Lycia isn’t a name that’ll mean much to most metalheads, unless you’re one of those that saw them supporting Type O Negative at the back end of the last century, and to be honest, a few moments of angst-ridden instrumentation on second track Do You Bleed aside, there’s precious little here to entice anyone currently sat reading this in a 1987 Saxon tour tee. However, if you’re a little more catholic in your tastes then there’s a fair chance that something here will snag your musical tastebuds.

Galatea, for instance, originally written in 1989 but never before heard ‘properly’, is a swoonsome piece of deceptively simple dark pop, touching similar territory to New Order in their most accessible moments of eighties domination, but even here the reticence of David VanPortfleet‘s vocals stop the track going full-top forty, leaving the listener wanting more but ultimately satisfied with the temptation offered.  Fans of the more ethereal will be keen to sample The Tara VanFlower-led Salt & Blood, where the band explore soundscapes familiar to devotees of names like Mazzy Star and, perhaps more pertinently, The Cocteau Twins.

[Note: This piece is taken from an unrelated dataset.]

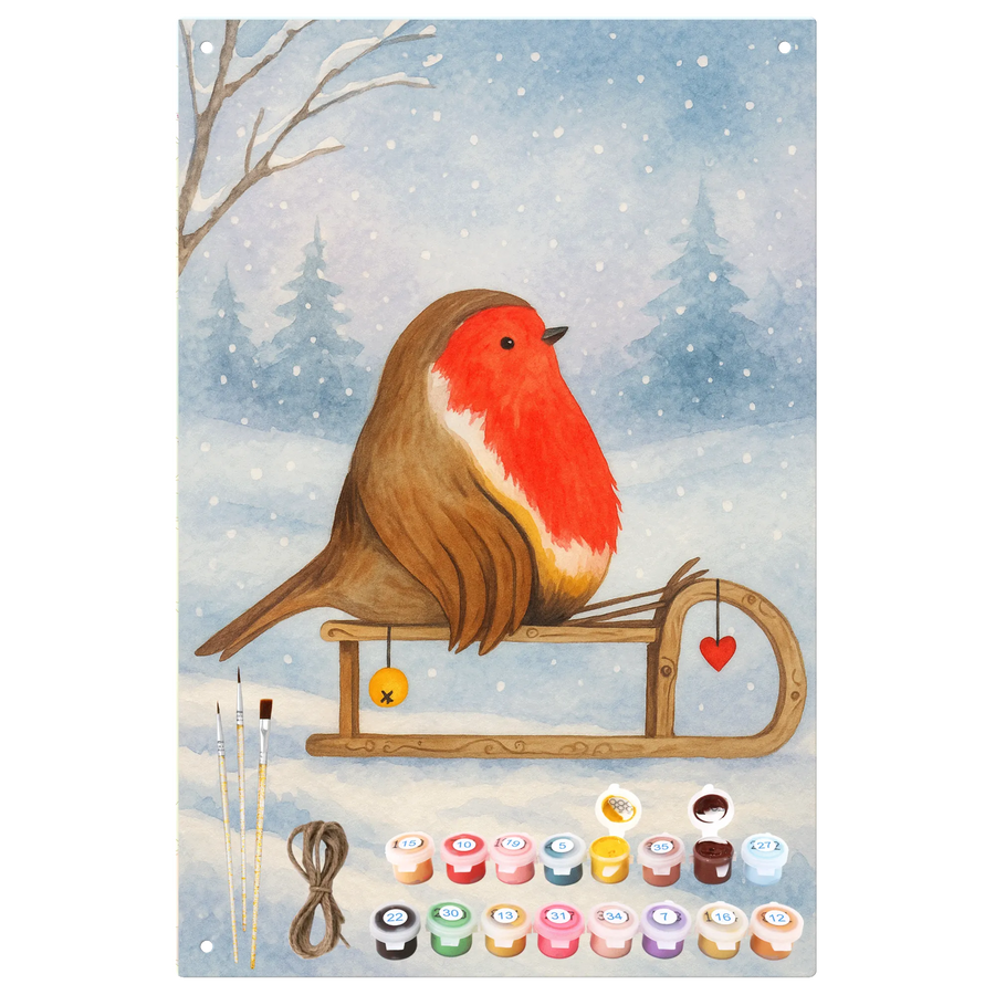 Paint by Numbers Metal Sign robin Sleds Design Winter, Christmas, Christmas time, snow, bird, sleigh

But these comparisons are merely here to try and guide the uninitiated towards some sort of understanding of Lycia’s theatre of operations. At the end of the day, this group is actually a one-of-a-kind proposition, existing on their own terms and making music perfectly happy in the knowledge that their place on the fringes is unlikely to suddenly become anything more than that. They’ve been doing this for over thirty years, and it’s comforting to know that they are still around, doing what they do for those who know and love them all the more for it.